– Здравствуйте, Дон. Я… я, собственно, муж вашей бывшей жены. Агостарио Беутфортруйт. Моторола сказал, что я замечательный менеджер по сосискам.
– По сосискам?
Джосика с юмором всмотрелся в экран, и на миг ему показалось, что перед ним зеркало. Нет, внешне сходства между бывшими супругами почти не замечалось, так, легкое. Но они одинаково вздернули губу, одинаково сощурили глаза, сморщили носы, приподняли подбородки, с одинаковым чувством всмотрелись друг в друга. Какой-то такой мимический параноидальный кси-шок.
– Зачем пришел?
Агостарио немного растерялся, хотя и сохранил – скорей всего, по старой привычке – солидный вид.

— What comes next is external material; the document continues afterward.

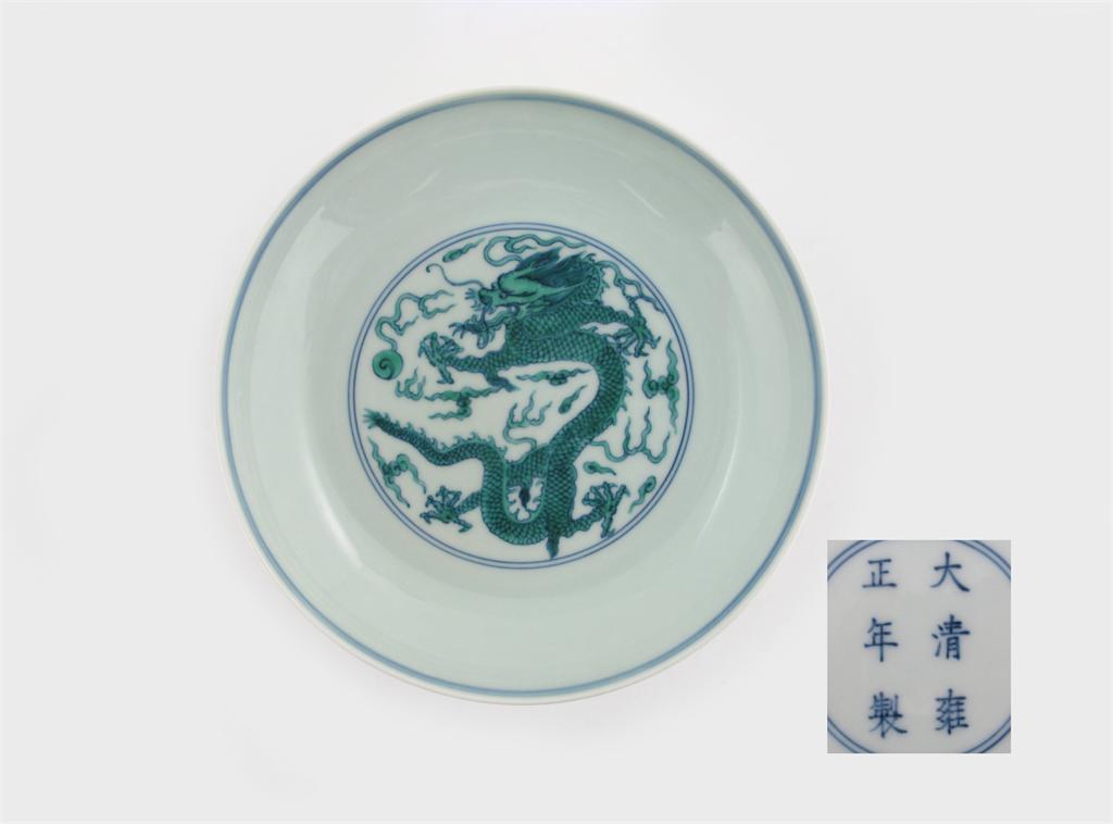 A Chinese green dragon saucer dish

– Знаете… разговор такой… странный несколько… Тяжело в экран говорить.
– А я тебя помню! – вдруг сказал Джосика и мгновение спустя действительно вспомнил. Чувство при этом испытал непередаваемое. Не оттого, что вспомнил вдруг бывшего мужа Джосики, точней, своего собственного и отнюдь не бывшего, а оттого, что вообще оказался способен на такое воспоминание.
Воспоминание было смутным, будто давным-давно забытый сон, который вдруг встал перед глазами, как сегодняшний. Без деталей. То ли в далеком детстве, то ли вчера. Лицо на фоне цветной мозаики, глаза над чашкой вина, скорый бег куда-то, к чему-то очень серьезному, диван незнакомый в незнакомой комнате с незнакомым окном…
Агостарио неуютно хихикнул:
– Это странно!
Джосика впервые почувствовал себя женщиной, а не мужчиной в женском обличье. Аготарио был приятен ему, от него и через экран разило чем-то ужасно знакомым, даже родным. Еще одно вспомнил Джосика – чувство надежности. По-видимому, он был неплохим мужем.
– Не уходи, не покидай меня, Джосика! – вдруг воскликнул Агостарио ужасно ненатуральным голосом, на который Дон Уолхов был попросту не способен. – Я хочу… ой, нет, я умоляю тебя, давай попробуем жить вместе, ведь тебе надо жить с кем-то, а мы муж и жена, очень естественно, что… Мне не важно, я все продумал, пусть даже ты Дон, да и я Дон, но все равно ты Джосика, и у меня…
– Сделаем вот что, – прервал его Джосика, сохраняя на лице знаменитое доново покерное выражение. – Пойдешь вдоль ограды направо, увидишь кусты в сиреневых сорняках…
– Да, видел.
– Не иди туда, – сказал вдруг Дом. – Это очень опасно.
Джосика нетерпеливо мотнул головой – не мешай.
– Там есть проход, надо только как следует поискать. Тропинка, желтая, как песок. Пойдешь по этой тропинке, глаза от веток береги – хлещут. Потом беседку увидишь. И там жди. Это единственное место для разговора.
– Да! – напряженно ответил Агостарио. – Конечно. Спасибо. Я сейчас. Спасибо.
– Очень советую не идти, – снова вмешался Дом.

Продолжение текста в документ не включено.